> **RECORDS SUPPLIED**:
# # #

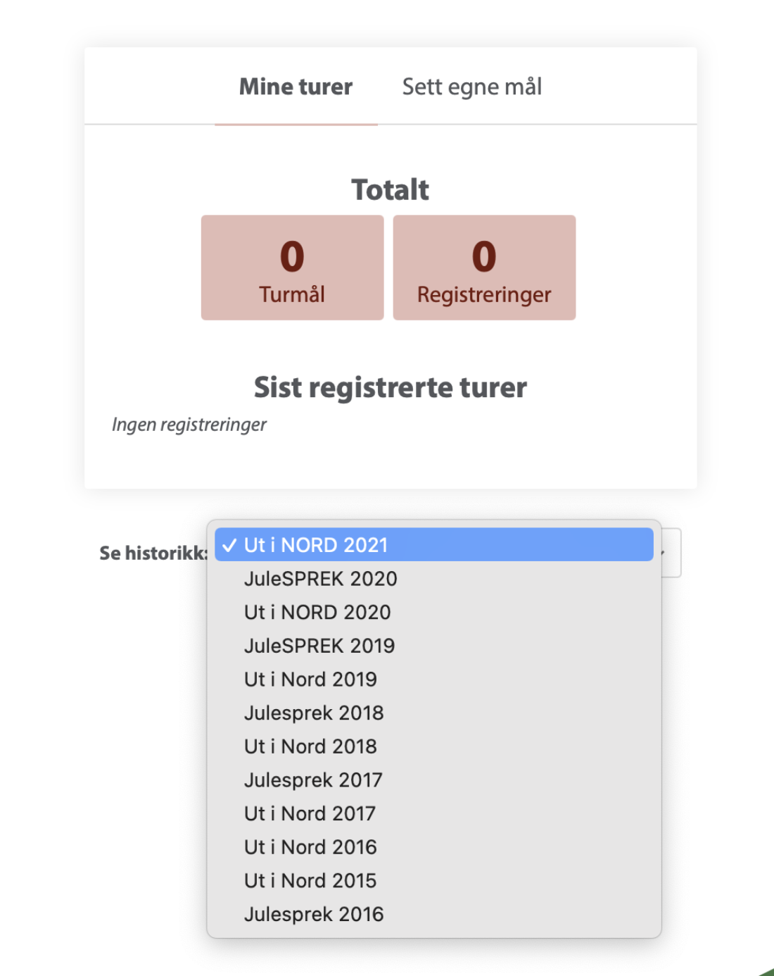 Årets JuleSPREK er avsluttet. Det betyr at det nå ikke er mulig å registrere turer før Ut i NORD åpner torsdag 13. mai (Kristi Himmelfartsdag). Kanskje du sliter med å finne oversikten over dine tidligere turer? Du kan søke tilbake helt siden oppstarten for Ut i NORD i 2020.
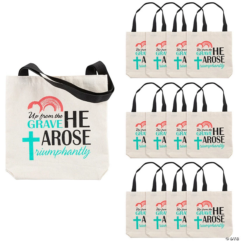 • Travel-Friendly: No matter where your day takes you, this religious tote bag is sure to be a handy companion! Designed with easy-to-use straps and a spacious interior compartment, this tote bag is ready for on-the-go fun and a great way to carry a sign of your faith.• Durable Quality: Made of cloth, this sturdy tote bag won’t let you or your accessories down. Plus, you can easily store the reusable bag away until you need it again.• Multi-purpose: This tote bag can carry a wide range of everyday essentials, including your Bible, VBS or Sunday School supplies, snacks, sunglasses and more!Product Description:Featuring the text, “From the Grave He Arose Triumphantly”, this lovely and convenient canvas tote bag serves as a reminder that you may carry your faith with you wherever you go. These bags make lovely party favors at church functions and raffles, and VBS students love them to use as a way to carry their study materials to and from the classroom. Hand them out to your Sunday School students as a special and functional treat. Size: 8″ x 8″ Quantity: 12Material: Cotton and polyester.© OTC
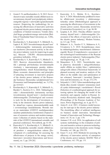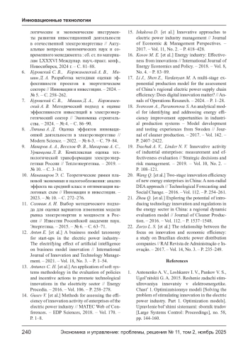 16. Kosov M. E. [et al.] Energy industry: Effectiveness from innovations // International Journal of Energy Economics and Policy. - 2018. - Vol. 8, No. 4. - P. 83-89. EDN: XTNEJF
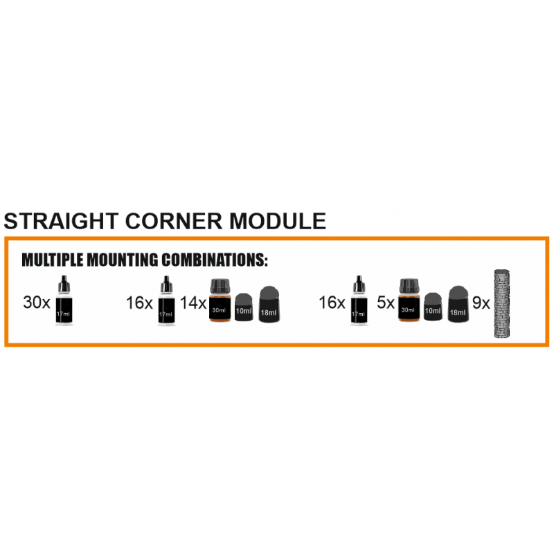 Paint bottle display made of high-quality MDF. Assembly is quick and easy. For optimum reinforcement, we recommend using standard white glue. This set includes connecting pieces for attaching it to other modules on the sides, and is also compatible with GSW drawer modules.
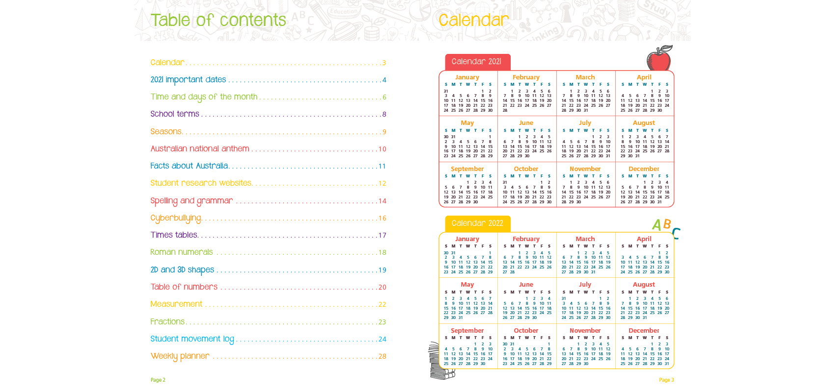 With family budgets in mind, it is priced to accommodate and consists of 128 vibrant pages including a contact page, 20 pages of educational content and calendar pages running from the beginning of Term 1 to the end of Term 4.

# # #

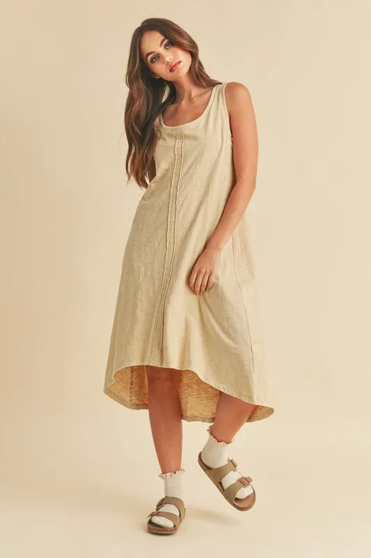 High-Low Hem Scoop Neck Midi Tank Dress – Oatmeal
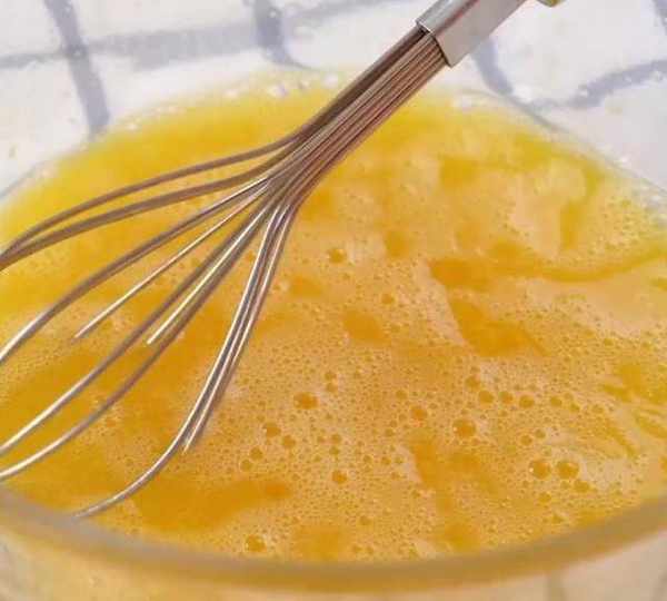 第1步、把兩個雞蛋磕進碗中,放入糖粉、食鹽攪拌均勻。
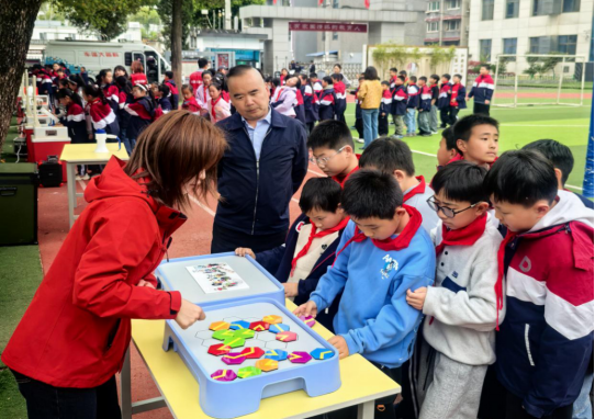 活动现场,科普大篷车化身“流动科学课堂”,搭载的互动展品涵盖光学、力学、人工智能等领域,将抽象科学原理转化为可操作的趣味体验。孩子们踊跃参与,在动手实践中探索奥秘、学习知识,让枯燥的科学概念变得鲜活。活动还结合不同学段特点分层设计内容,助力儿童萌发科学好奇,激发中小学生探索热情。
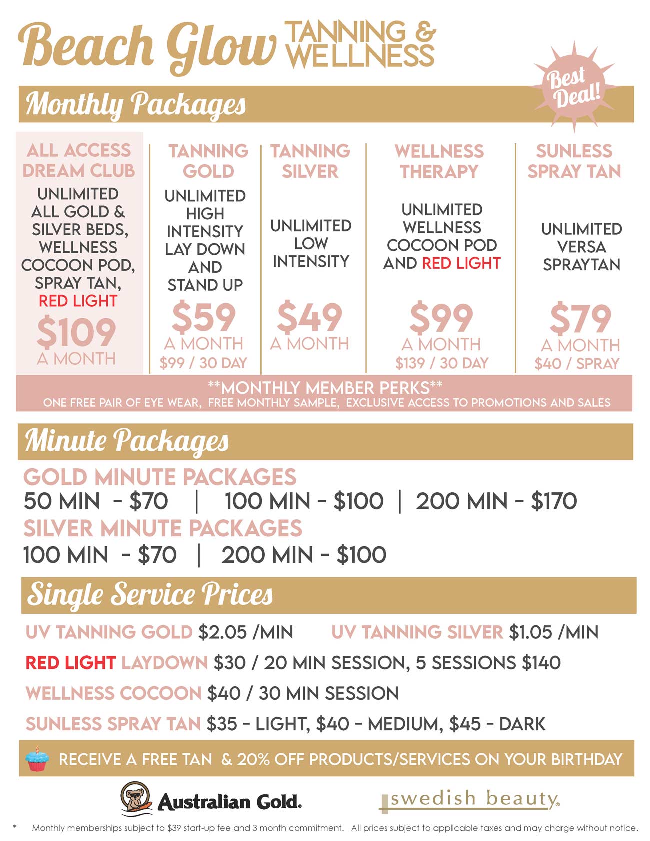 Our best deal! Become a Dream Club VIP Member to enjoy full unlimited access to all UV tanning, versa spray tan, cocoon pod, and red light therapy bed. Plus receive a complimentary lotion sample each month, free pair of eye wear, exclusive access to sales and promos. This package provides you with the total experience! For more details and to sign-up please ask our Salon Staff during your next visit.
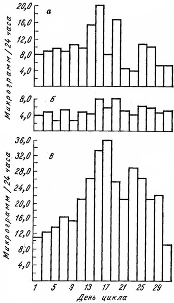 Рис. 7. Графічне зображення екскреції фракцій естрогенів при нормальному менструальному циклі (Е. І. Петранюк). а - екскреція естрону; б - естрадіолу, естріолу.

# # #

> **GOAL OF THE EXERCISE**: Only the lines above from the one containing "第1步、把兩個雞蛋磕進碗中,放入糖粉、食鹽攪拌均勻。" through the one containing "Рис. 7. Графічне" should be returned, verbatim and inclusive, with pictures excluded.

> **YOUR SOLUTION**:
 第1步、把兩個雞蛋磕進碗中,放入糖粉、食鹽攪拌均勻。
 活动现场,科普大篷车化身“流动科学课堂”,搭载的互动展品涵盖光学、力学、人工智能等领域,将抽象科学原理转化为可操作的趣味体验。孩子们踊跃参与,在动手实践中探索奥秘、学习知识,让枯燥的科学概念变得鲜活。活动还结合不同学段特点分层设计内容,助力儿童萌发科学好奇,激发中小学生探索热情。
 Our best deal! Become a Dream Club VIP Member to enjoy full unlimited access to all UV tanning, versa spray tan, cocoon pod, and red light therapy bed. Plus receive a complimentary lotion sample each month, free pair of eye wear, exclusive access to sales and promos. This package provides you with the total experience! For more details and to sign-up please ask our Salon Staff during your next visit.
 Рис. 7. Графічне зображення екскреції фракцій естрогенів при нормальному менструальному циклі (Е. І. Петранюк). а - екскреція естрону; б - естрадіолу, естріолу.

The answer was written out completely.